Support for OWASP Risk Ratings in VEX documents

[fahedouch]

Description

Hey everyone,

I'd like to propose adding support for OWASP Risk Ratings from CycloneDX VEX documents.

Why?

The CycloneDX spec now recommends that tools consider ratings when prioritizing vulnerabilities (spec PR #722):

"Consumers SHOULD consider ratings in prioritization decisions"

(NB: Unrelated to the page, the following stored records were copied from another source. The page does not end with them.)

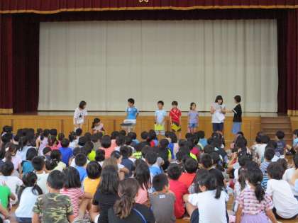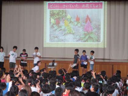 はじめに全校で「少年少女冒険隊」を歌い,その後,飼育園芸委員会からは校内のお花に関するクイズを,運動委員会からは遊びの紹介をしてもらいました。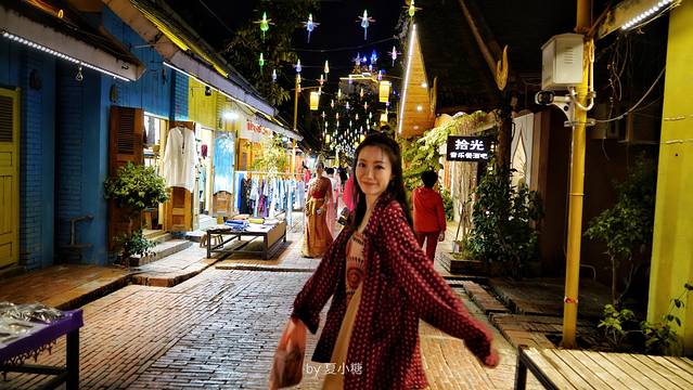 水上的桥通往名为六国的夜市,这里比外面稍安静,卖的东西也有不同,色彩明快的民族大褂,印染织物,手工艺品,还有香喷喷的鲜花饼,和排队放水灯的姑娘们,眼花缭乱。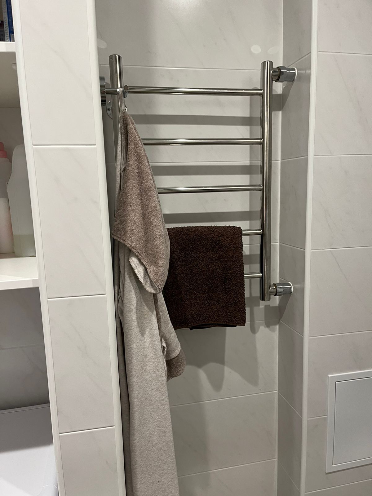 В ванной комнате установлен регулируемый теплый пол.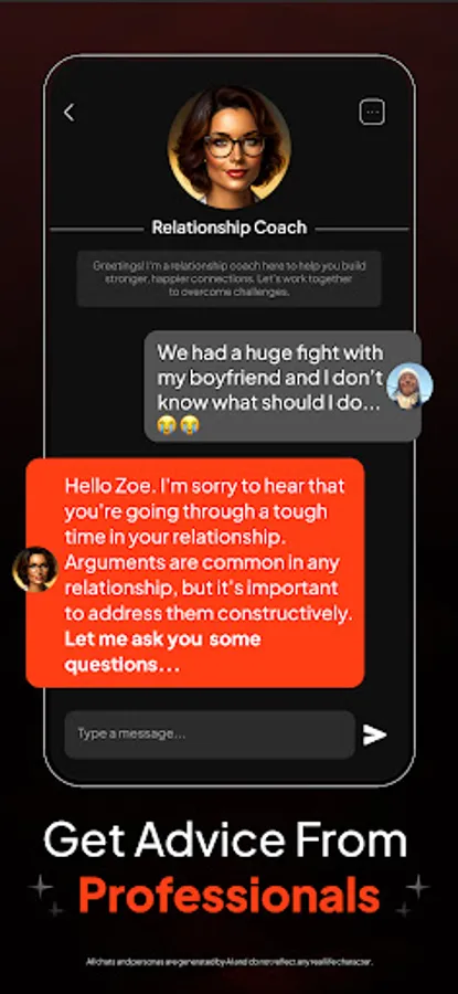 Looking for expert advice? Connect with professionals from various fields, including chefs, doctors, or relationship coaches. Seek guidance, ask for recommendations, or gain insights into their specialized domains. If you prefer, create your own AI companions & characters —a virtual girlfriend & boyfriend, a best friend, or anyone you can imagine. Develop unique relationships and enjoy meaningful conversations tailored to your preferences.

CVSS scores are generic. The same CVE has different risk levels depending on your context (network exposure, data sensitivity, etc.). VEX documents can include these context-aware ratings, but Grype currently ignores them.

What changes?

Add an optional OWASPRating field so Grype can display context-aware risk assessments from VEX documents when available. Fully backward compatible.

Example

json { "VulnerabilityID": "CVE-2011-3374", "Severity": "LOW", "OWASPRating": { "severity": "medium", "score": 27.5 } }

Now you see both the generic CVSS severity and your specific risk assessment.

Use case

Tools like vens generate these ratings. This lets Grype users prioritize based on actual risk, not just CVSS scores.

Thoughts?

[wagoodman]

This has connectivity to #1378 which is all about having a configurable way to convey severity preferences --which I feel goes beyond pure severity since we do allow for a risk ranking to sort output. This issue builds on it by asking for reading additional input sources to display and sort/rank output.

[fahedouch]

Thanks @wagoodman for connecting this to #1378. After reading through that thread, I think we could approach this in two steps:

Step 1: Add contextual risk as a new field

Instead of touching the existing severity logic, just add OWASP ratings as optional data:

type Vulnerability struct {
    // ... existing fields
    Risk            float64             `json:"risk"`
    ContextualRisk  *ContextualRiskData `json:"contextualRisk,omitempty"`
}

type ContextualRiskData struct {
    Score    float64 `json:"score"`
    Severity string  `json:"severity"`
    Vector   string  `json:"vector"`
    Source   string  `json:"source"`
}

This way it's completely backward compatible and doesn't affect how Grype currently works. Users get both the standard risk score and the contextual one when available.
Example output:

{
  "vulnerability": {
    "id": "CVE-2011-3374",
    "severity": "LOW",
    "risk": 15.5,
    "contextualRisk": {
      "score": 27.5,
      "severity": "MEDIUM",
      "vector": "OWASP:2023/SL:5/M:5/O:5/S:1/ED:1/EE:1/A:1/ID:1/LC:1/LI:1/LAV:1/LAC:1/FD:1/RD:1/NC:1/PV:1",
      "source": "vex"
    }
  }
}

Step 2: Tackle severity preferences later

Once step 1 is done, we can focus on the severity preferences work in #1378 - choosing which severity source to use, displaying multiple sources, etc. That's a much larger change and this gives us something concrete to work with first.

Let me know if this approach makes sense and I can get started.